In Pursuit of Silence
(Cinema Guild)
In Patrick Shen’s often mesmerizing documentary, the concept of silence in
an increasingly noisy world is explored, even everyday decibel readings in
cities like New York contributing to sickness and a less than optimum life
expectancy. Gorgeous to look at—in lingering shots of soundless landscapes, silence
speaks volumes—and featuring Alex Lu’s complementary score, Shen’s filmic
meditation is a cautionary tale and cri
de coeur.
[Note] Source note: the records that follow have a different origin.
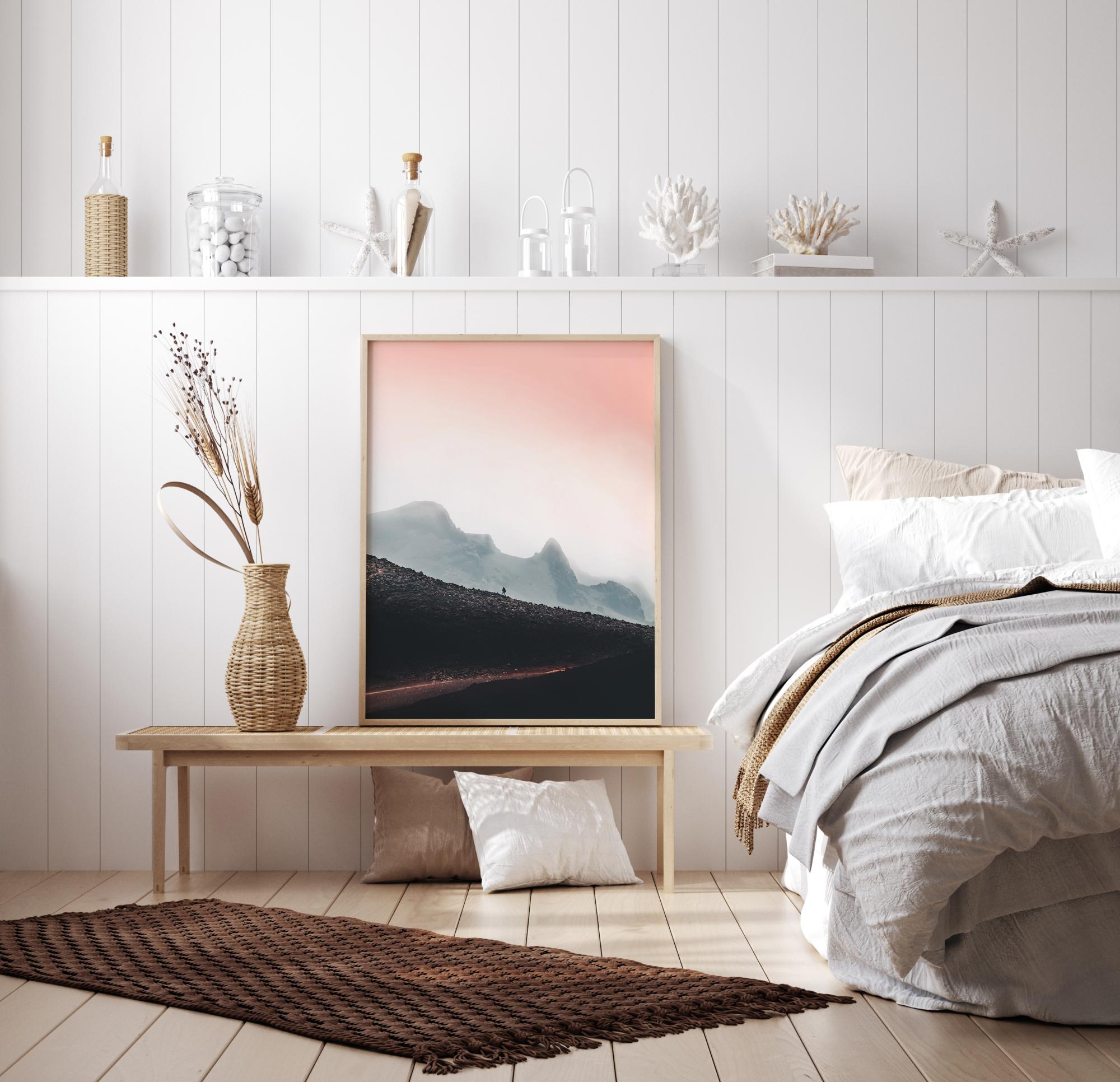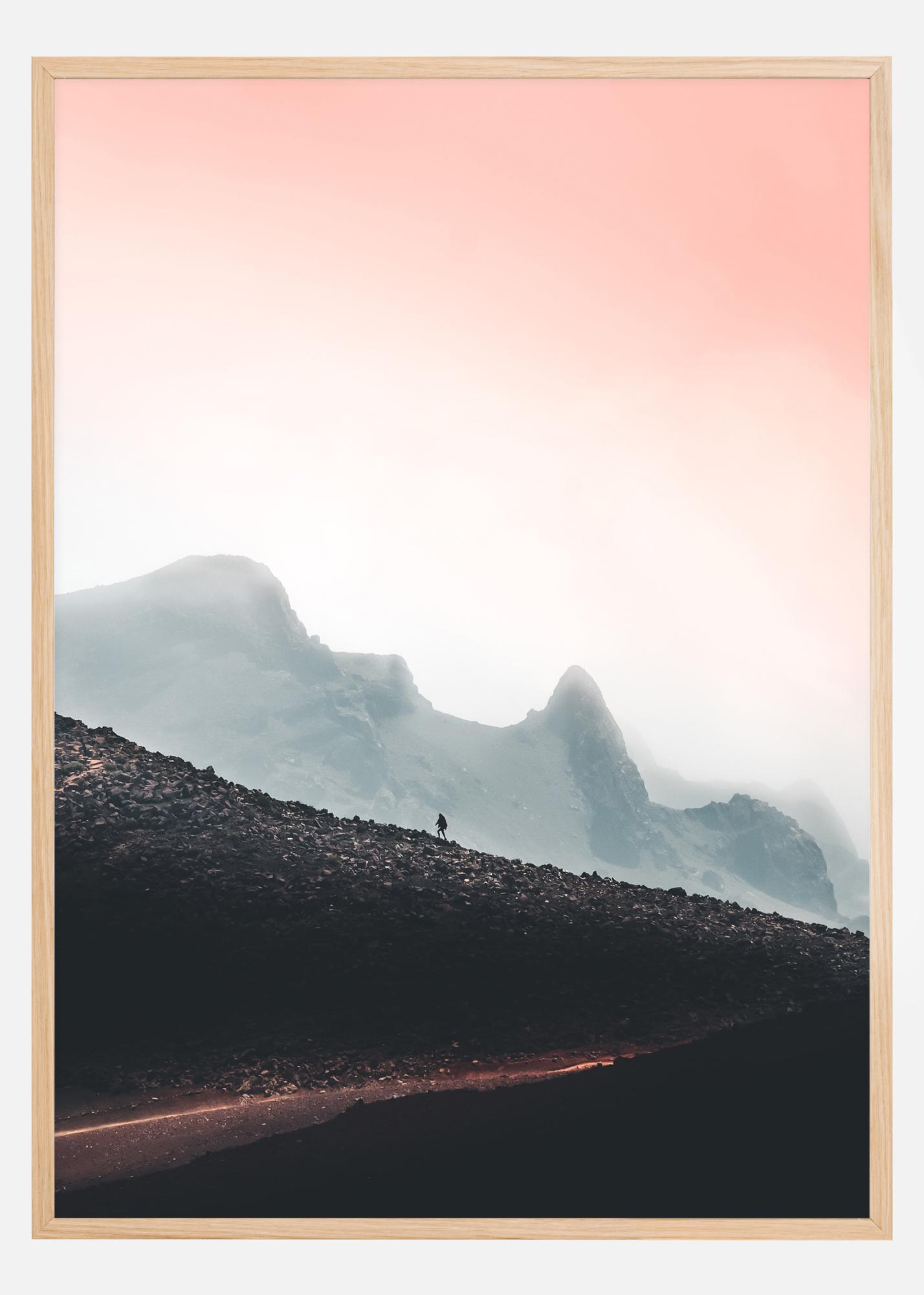 Un imprimeu cețos al unui peisaj. Cu cerul de culoarea piersicii pe fundal, se poate vedea o siluetă îndepărtată care se cațără pe deal. În prim-plan, un mic drum taie dealurile. Un poster perfect pentru cei care iubesc natura.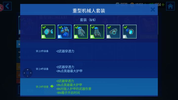 英雄的装备与选择,并不是装备稀有度和等级越高就越好的。我们点开英雄装备界面,可以看到装备也会有不同的套装选择,当装备套装分别达到2/4/6件的时候,都会额外提供更多的属性加成。当然你也可以选择2+2+2的思路,着重提高某种属性发挥最大的作用。 螺母是英雄装备升级需要消耗的道具,可以提升装备的属性加成,在升级的时候需要同时消耗装备部件与螺母,且装备等级不能高于英雄等级。螺母可以从活动奖励,宝箱等方
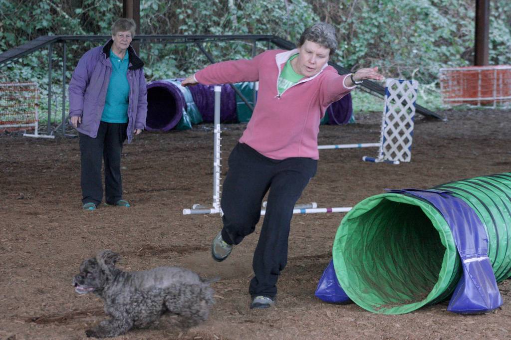 With Sandra Katzen observing, Cathy Percy instructs Ketch, her cocker spaniel, to clear the next obstacle during training at the Vortex Agility and Dog Training arena on Kent’s East Hill. MARK KLAAS, Auburn Reporter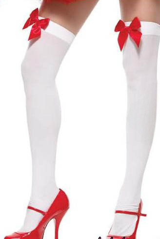 Sexy Rode Strik Witte Kousen Fluwelen Over-de-Knie Kousen Micro-through 80D Dames Dijkousen Kousen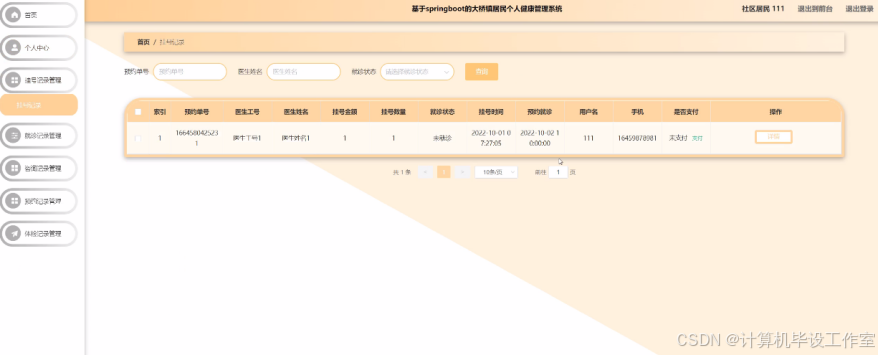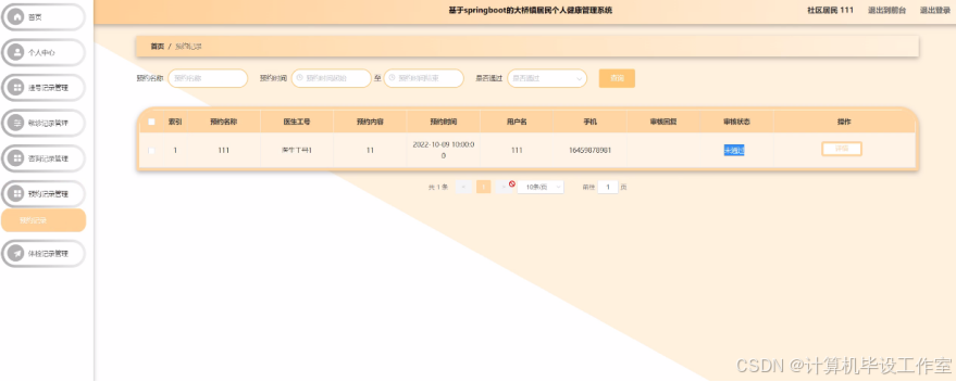(3)方便社区居民快速搜索挂号记录、预约记录;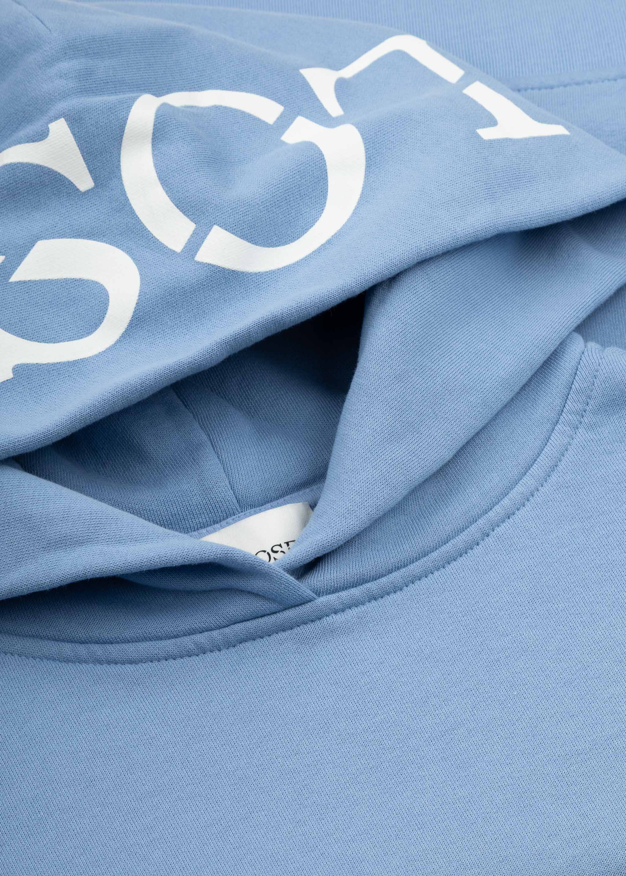 Loose-fitting sweater from Closed made of soft organic cotton, hood with logo print, dropped shoulders, long sleeves, side pockets, ribbed cuffs and hem, fluffy interior, straight hem.

The visuals look spectacular on Blu; extras include deleted scenes,
extended scenes and a Lu interview.
The Limehouse Golem
(RLJ)
In Juan Carlos Medina’s stylish Jack the Ripper rip-off, Bill Nighy is a police
inspector in Victorian London tasked with solving the case of a serial killer who
is terrifying the locals while trying to save a young woman, accused of
poisoning her husband, from the gallows. The movie moves swiftly and surely,
even if its obvious denouement treats its twists like it’s some kind of shocking
revelation. There’s a superb hi-def transfer; extras include several short
featurettes.
DVDs of the Week
Dries
(Kimstim/Icarus)
Reiner Holzemer’s impressive behind-the-scenes documentary chronicles fashion
designer Dries van Noten, a Belgian among the most notable of his generation.
Following Dries while he designs his brand-new collections allows viewers to
ponder his style and influence alongside many talking heads, set to a
soundtrack by Radiohead’s Johnnie Greenwood that’s much less a pastiche of
Krzysztof Penderecki’s dissonant music than usual.
Eight Films by Jean Rouch
(Icarus Films)
French ethnographic filmmaker Jean Rouch made several seminal films over
the course of his long, storied career, and this invaluable collection collects
eight of them, including several of the masterly full-length films that broke the
boundaries of non-fiction ethnography and narrative fiction, such as The Human Pyramid (1961), The Lion Hunters (1965) and Little by Little (1969). Also included
is an hour-long documentary, Jean Rouch,
The Adventurous Filmmaker, by director Laurent Védrine, which takes the measure
of the artist and his vast influence.
From the Land of the Moon
(Sundance Selects)
In Nicole Garcia’s tragic romance, Marion Cotillard gives her usual committed
performance as a mentally ill French woman who is married off to a solid, salt
of the earth type but finds true love with an exuberantly “different” man she
meets while in a sanitarium. It might be too much in its exploration of
physical and mental intensity—how about a drinking game whenever Cotillard’s
eyes well with tears?—but there’s no denying the artistry contained in this old-fashioned
downer. The lone extra is a 25-minute making-of featurette.